• _Entries provided_:
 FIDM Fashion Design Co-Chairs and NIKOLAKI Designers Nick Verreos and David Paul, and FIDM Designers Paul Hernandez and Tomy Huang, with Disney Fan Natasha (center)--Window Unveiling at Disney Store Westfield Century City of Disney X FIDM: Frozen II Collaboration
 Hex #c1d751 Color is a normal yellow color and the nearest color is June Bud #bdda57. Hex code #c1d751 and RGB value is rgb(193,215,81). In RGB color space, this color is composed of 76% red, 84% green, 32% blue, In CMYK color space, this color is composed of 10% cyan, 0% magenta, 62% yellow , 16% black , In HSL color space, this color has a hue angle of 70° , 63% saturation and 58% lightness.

--

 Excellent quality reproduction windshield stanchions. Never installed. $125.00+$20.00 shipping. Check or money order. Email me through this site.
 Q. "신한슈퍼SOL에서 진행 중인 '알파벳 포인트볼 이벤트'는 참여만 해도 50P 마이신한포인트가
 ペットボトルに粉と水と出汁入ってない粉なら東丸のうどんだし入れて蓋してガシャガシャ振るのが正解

• _Required action_: From the data above, return every line from the line that has "FIDM Fashion Design" up to and including the line that has "Hex #c1d751 Color", exactly.

• _Response_:
 FIDM Fashion Design Co-Chairs and NIKOLAKI Designers Nick Verreos and David Paul, and FIDM Designers Paul Hernandez and Tomy Huang, with Disney Fan Natasha (center)--Window Unveiling at Disney Store Westfield Century City of Disney X FIDM: Frozen II Collaboration
 Hex #c1d751 Color is a normal yellow color and the nearest color is June Bud #bdda57. Hex code #c1d751 and RGB value is rgb(193,215,81). In RGB color space, this color is composed of 76% red, 84% green, 32% blue, In CMYK color space, this color is composed of 10% cyan, 0% magenta, 62% yellow , 16% black , In HSL color space, this color has a hue angle of 70° , 63% saturation and 58% lightness.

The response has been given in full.